MATERIAL PROVIDED ::
■ ■ ■ ■

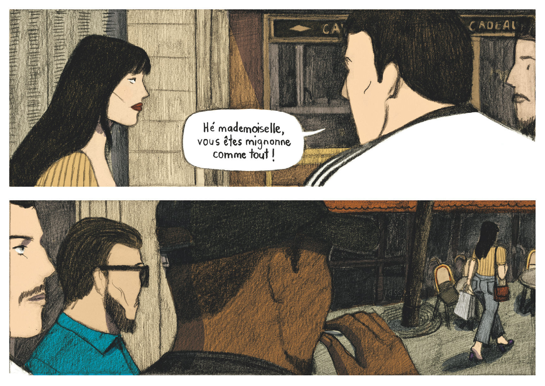 Non, j’ai gardé la même technique que pour l’album sur Patrick Dewaere. Je dessine toujours d’abord au crayon et puis je rajoute les couleurs de manière numérique. Pour le moment, j’aime surtout dessiner au crayon parce que c’est un outil qui me permet d’insérer plus d’ambiance dans mes planches, notamment grâce aux hachures, mais à l’avenir, je suis prête à tester aussi d’autres techniques. Peut-être qu’un jour je ferai une BD dessinée à l’encre, cela dépendra du projet.
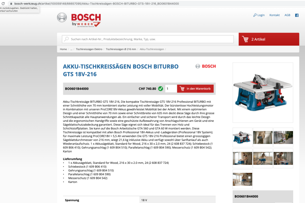 Der Webshop ist unspektakulär aber praktisch eingerichtet. Das Angebot reicht von bekannten Elektrowerkzeugen wie Bohrmaschinen, Fräsen oder Winkelschleifer bis hin zu Schutzbrillen. Schreiner und Holzbauer finden ausserdem Holzbohrer aller Art sowie Sägeblätter und Fräser. Auch Lasermessgeräte, Wärmebildkameras oder Staubsauger sind zu haben. Zum gewünschten Produkt gelangt man entweder mittels einiger Klicks durch die Artikelgruppen, was etwas Ausdauer erfordert. Oder man gibt, sofern bekannt, die Artikel-Nummer oder die genaue Produktbezeichnung in die Suchmaske ein. So geht es schneller. Farbsymbole zeigen an, ob ein Produkt aktuell verfügbar ist oder nicht. Man kann sich auch nur die verfügbaren Artikel anzeigen lassen.
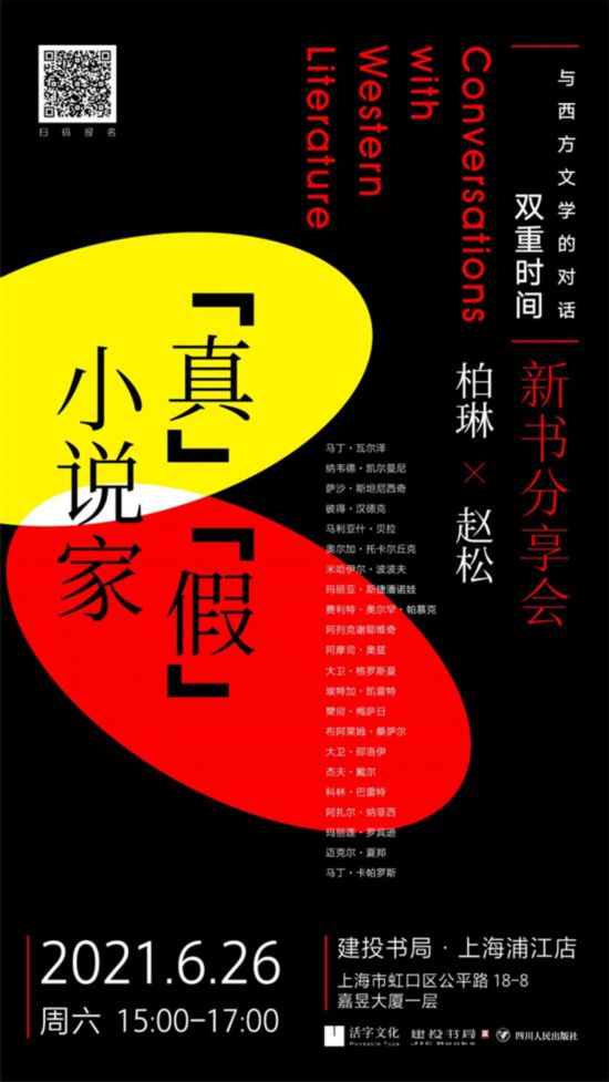 在《雙重時間》里,柏琳向數十位蜚聲當代世界文壇的作家們發問,卻不只跟他們談文學,還時?!白呱竦缴鐣栴}和道德議題上去”。她不只關注作家們的“作家”身份,也為讀者呈現他們作為人文學者、調查記者、批評家乃至政治活動參與者等多元的面貌,以及通過這些面貌所呈現出來的,作家們對于世界的看法。而對于趙松來說,“小說”本身就包含著無限的可能。在這個世界里,他是“建筑師”,不斷嘗試用文字構筑新的現實;也是“化學家”,觀察新鮮的文字組合所帶來的化學反應。6月26日下午,建投書局聯合活字文化,邀請采訪過很多小說家的柏琳和身為小說家的趙松做客建投書局·上海浦江店,以“真假小說家”為題展開對談。所謂“真”“假”,并非要為“作家”下一個定義,甚至也有可能,這場對話將讓這一身份變得更加混沌。

■ ■ ■ ■

EXERCISE DESCRIPTION :: Please retype all of the material exactly, skipping whatever images it holds.

WRITTEN RESPONSE ::
 Non, j’ai gardé la même technique que pour l’album sur Patrick Dewaere. Je dessine toujours d’abord au crayon et puis je rajoute les couleurs de manière numérique. Pour le moment, j’aime surtout dessiner au crayon parce que c’est un outil qui me permet d’insérer plus d’ambiance dans mes planches, notamment grâce aux hachures, mais à l’avenir, je suis prête à tester aussi d’autres techniques. Peut-être qu’un jour je ferai une BD dessinée à l’encre, cela dépendra du projet.
 Der Webshop ist unspektakulär aber praktisch eingerichtet. Das Angebot reicht von bekannten Elektrowerkzeugen wie Bohrmaschinen, Fräsen oder Winkelschleifer bis hin zu Schutzbrillen. Schreiner und Holzbauer finden ausserdem Holzbohrer aller Art sowie Sägeblätter und Fräser. Auch Lasermessgeräte, Wärmebildkameras oder Staubsauger sind zu haben. Zum gewünschten Produkt gelangt man entweder mittels einiger Klicks durch die Artikelgruppen, was etwas Ausdauer erfordert. Oder man gibt, sofern bekannt, die Artikel-Nummer oder die genaue Produktbezeichnung in die Suchmaske ein. So geht es schneller. Farbsymbole zeigen an, ob ein Produkt aktuell verfügbar ist oder nicht. Man kann sich auch nur die verfügbaren Artikel anzeigen lassen.
 在《雙重時間》里,柏琳向數十位蜚聲當代世界文壇的作家們發問,卻不只跟他們談文學,還時?!白呱竦缴鐣栴}和道德議題上去”。她不只關注作家們的“作家”身份,也為讀者呈現他們作為人文學者、調查記者、批評家乃至政治活動參與者等多元的面貌,以及通過這些面貌所呈現出來的,作家們對于世界的看法。而對于趙松來說,“小說”本身就包含著無限的可能。在這個世界里,他是“建筑師”,不斷嘗試用文字構筑新的現實;也是“化學家”,觀察新鮮的文字組合所帶來的化學反應。6月26日下午,建投書局聯合活字文化,邀請采訪過很多小說家的柏琳和身為小說家的趙松做客建投書局·上海浦江店,以“真假小說家”為題展開對談。所謂“真”“假”,并非要為“作家”下一個定義,甚至也有可能,這場對話將讓這一身份變得更加混沌。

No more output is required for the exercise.